Quick start for distributed training

Distributed training with Fleet API

Since Paddle Fluid Release 1.5.1, it is officially recommended to use the Fleet API for distributed training. For the introduction of the Fleet API, please refer to Fleet Design Doc.

Preparation

  • [x] Install Paddle Fluid. If not already installed, please refer to Beginner’s Guide.

  • [x] Master the most basic single node training method. Please refer to the single card training described in Single-node training.

Click-through rate prediction

Here, we will use a simple example, click-through rate prediction task, to illustrate how to configure Fleet API for distributed training, and gives an example by using a single node environment to simulate the distributed environment. The source code of the example comes from CTR with Fleet.

In order to facilitate learning, the example given here is a mixed code of single node and multi node. You can start single node or multi node tasks through different startup commands. For the part of obtaining data and the logic of data preprocessing, please refer to the source code and description of CTR with Fleet.

from __future__ import print_function
from args import parse_args
import os
import paddle.fluid as fluid
import sys
from network_conf import ctr_dnn_model_dataset
import paddle.fluid.incubate.fleet.base.role_maker as role_maker

from paddle.fluid.incubate.fleet.parameter_server.distribute_transpiler import fleet
from paddle.fluid.transpiler.distribute_transpiler import DistributeTranspilerConfig

dense_feature_dim = 13
sparse_feature_dim = 10000001
batch_size = 100
thread_num = 10
embedding_size = 10
args = parse_args()

def main_function(is_local):
  # common code for local training and distributed training
  dense_input = fluid.layers.data(
    name="dense_input", shape=[dense_feature_dim], dtype='float32')

  sparse_input_ids = [
        fluid.layers.data(name="C" + str(i), shape=[1], lod_level=1,
                          dtype="int64") for i in range(1, 27)]

    label = fluid.layers.data(name="label", shape=[1], dtype="int64")
    dataset = fluid.DatasetFactory().create_dataset()
    dataset.set_use_var([dense_input] + sparse_input_ids + [label])
    pipe_command = "python criteo_reader.py %d" % sparse_feature_dim
    dataset.set_pipe_command(pipe_command)
    dataset.set_batch_size(batch_size)
    dataset.set_thread(thread_num)

    whole_filelist = ["raw_data/part-%d" % x
                       for x in range(len(os.listdir("raw_data")))]

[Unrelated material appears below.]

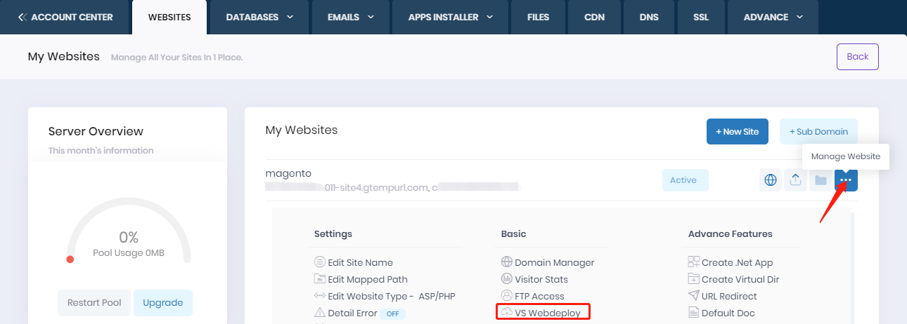 2. You will find "VS Webdeploy" from the panel, click it and then turn it on

    dataset.set_filelist(whole_filelist)
    loss, auc_var, batch_auc_var = ctr_dnn_model_dataset(
        dense_input, sparse_input_ids, label, embedding_size,
        sparse_feature_dim)

    exe = fluid.Executor(fluid.CPUPlace())
    def train_loop(epoch=20):
        for i in range(epoch):
            exe.train_from_dataset(program=fluid.default_main_program(),
                                   dataset=dataset,
                                   fetch_list=[auc_var],
                                   fetch_info=["auc"],
                                   debug=False)
    # local training
    def local_train():
        optimizer = fluid.optimizer.SGD(learning_rate=1e-4)
        optimizer.minimize(loss)
        exe.run(fluid.default_startup_program())
        train_loop()

  # distributed training
    def dist_train():
        role = role_maker.PaddleCloudRoleMaker()
        fleet.init(role)
        strategy = DistributeTranspilerConfig()
        strategy.sync_mode = False
        optimizer = fluid.optimizer.SGD(learning_rate=1e-4)
        optimizer = fleet.distributed_optimizer(optimizer, strategy)
        optimizer.minimize(loss)

        if fleet.is_server():
            fleet.init_server()
            fleet.run_server()
        elif fleet.is_worker():
            fleet.init_worker()
            exe.run(fluid.default_startup_program())
            train_loop()
    if is_local:
        local_train()
    else:
        dist_train()

if __name__ == '__main__':
    main_function(args.is_local)
  • Note: The IO method used in this example is dataset, please refer to Dataset API for specific documents and usage. For the train_from_dataset interface, please refer to Executor API. from paddle.fluid.incubate.fleet.parameter_server.distribute_transpiler import fleet in this example means to introduce parameter server architecture for distributed training, which you can refer to Fleet API for getting more about the options and examples of Fleet API.

Start command of single node training

python train.py --is_local 1

Start command of single machine simulation distributed training

Here we use launch_ps, a built-in launcher of paddle, which users can specify the number of workers and servers to start the parameter server tasks.

python -m paddle.distributed.launch_ps --worker_num 2 --server_num 2 train.py

The task running log can be viewed in the logs directory of the working directory. When you can use a single machine to simulate distributed training, you can perform true multi node distributed training. We recommend that users refer directly to 百度云运行分布式任务的示例.